High Flyers Go For Gold


Qantas executives will trouser more than $100 million to see home a takeover bid expected to slash jobs and services.

The massive sweeteners, set to net CEO Geoff Dixon, alone, $60 million, are key elements in a private equity takeover that would replace around $8 billion in shareholder funds with debt.

Dixon assured Australians nothing would change at the national carrier but the takeover consortium's own paperwork makes a mockery of that assurance.

One of the operations making up Airline Partners Australia, Allco, is specific in its presentation on the deal.

It predicts, under its control, Qantas' annual revenue growth would fall from seven to two percent while profit growth would leap from two to 25 percent.

The figures were prepared for Allco by Macquarie Equities Research, a division of another takeover partner, Macquarie Bank.

Analysts say the only way to deliver on that prediction is by slashing labour costs and services and, possibly, increasing charges.

The Airline Partners Australia proposal will deliver massive fees to financiers - hundreds of millions of dollars.

It would see Qantas delisted from the stock exchange to become a privately-owned company, with $10 billion of the $13 billion purchase price financed by debt.

The bid, headed by Macquarie Bank and US private equity operation Texas Pacific, has been structured to circumvent foreign ownership rules.

Unions, representing 37,000 airline workers, are urging the federal government to intervene on national interest grounds.

Acting AMWU national secretary, Dave Oliver, says Texas Pacific has "form" on leveraged buyouts.

He points to a "meticulously planned assault" on union members after it bought UK cater, Gate Gourmet, in 2002.

It initiated mass sacking at Heathrow Airport and brought in contract workers on vastly inferior wages and conditions. The exercise slashed 3000 jobs.

"There should be a national interest test," Oliver says.

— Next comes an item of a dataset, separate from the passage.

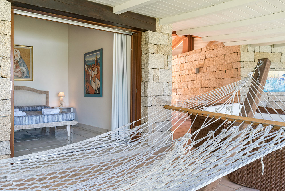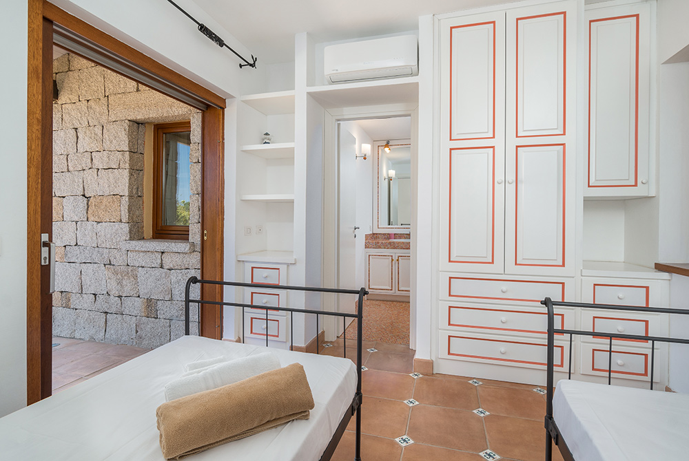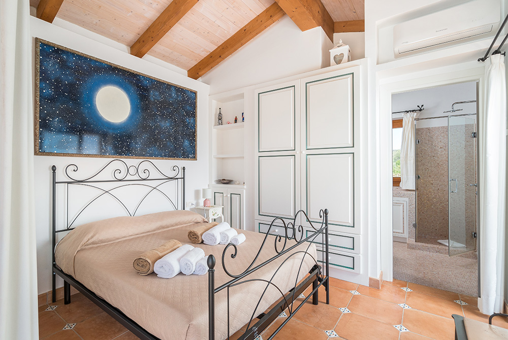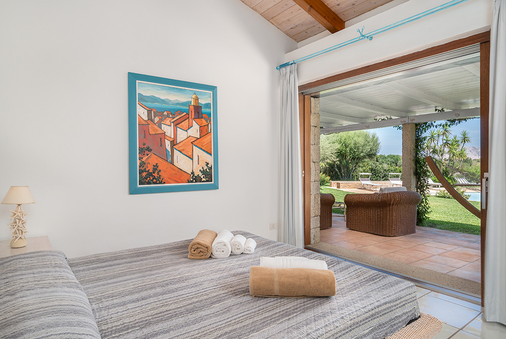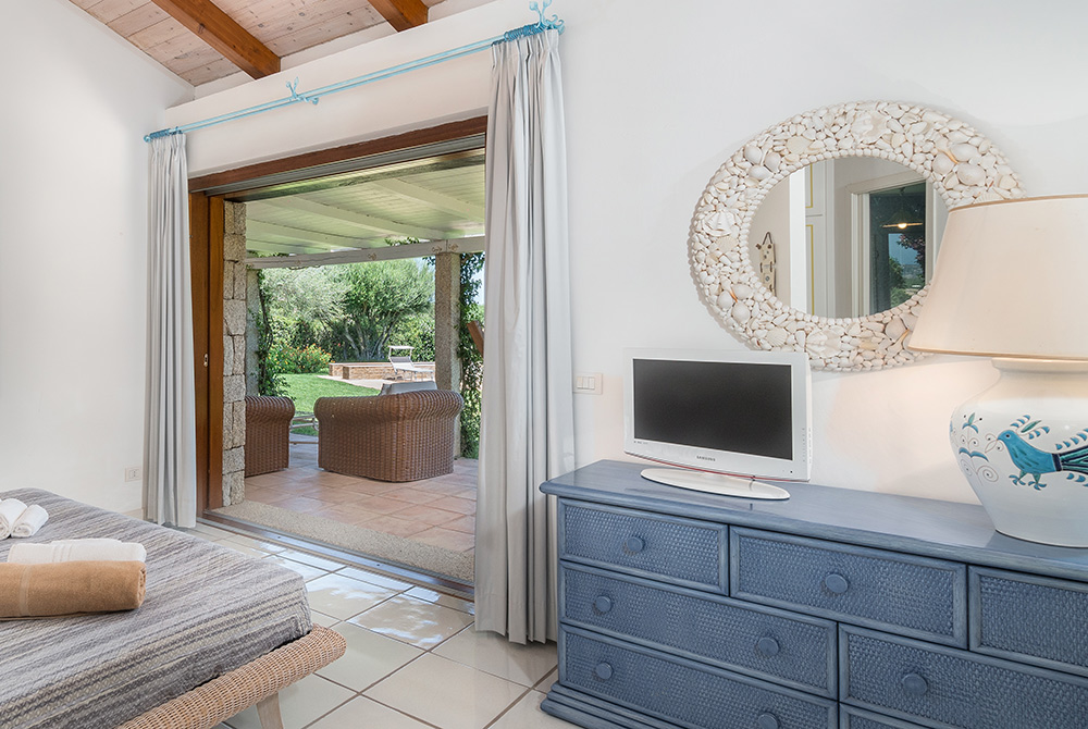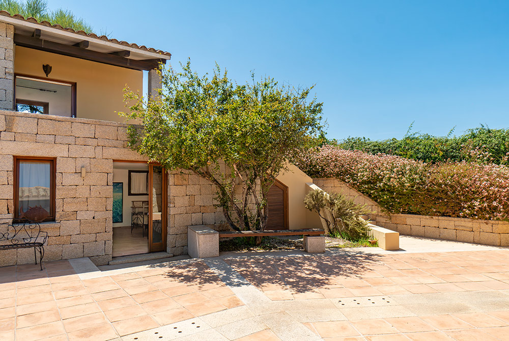 Das Haupthaus besteht aus einem hellen und geräumigen Wohnbereich mit komfortablem Wohn- und Esszimmer, einer sehr gut ausgestatteten Küche und einem Hauptschlafzimmer mit geräumigem Bad (Badewanne und Dusche) und begehbarem Kleiderschrank. Sowohl der Wohnbereich als auch das Schlafzimmer haben direkten Zugang zur großen überdachten Veranda und bieten einen herrlichen Meerblick. Der Hafen und der Flughafen von Olbia sind etwa 30 Minuten entfernt.

"Qantas doesn't just employ tens of thousands of Australian workers. It provides crucial services for regional Australia, trains hundreds of apprentices and does defence work.

"Australia can't afford to put those things at risk.

"It appears they have inflated the price to get the deal through and they will want to recoup their money from jobs and services.

"At this point, the only definite winners are the directors who gave the go-ahead and will take multi-million bonuses for themselves."

Qantas unions are calling on the Treasurer, Peter Costello, to use his statutory power to impose stringent conditions on the takeover.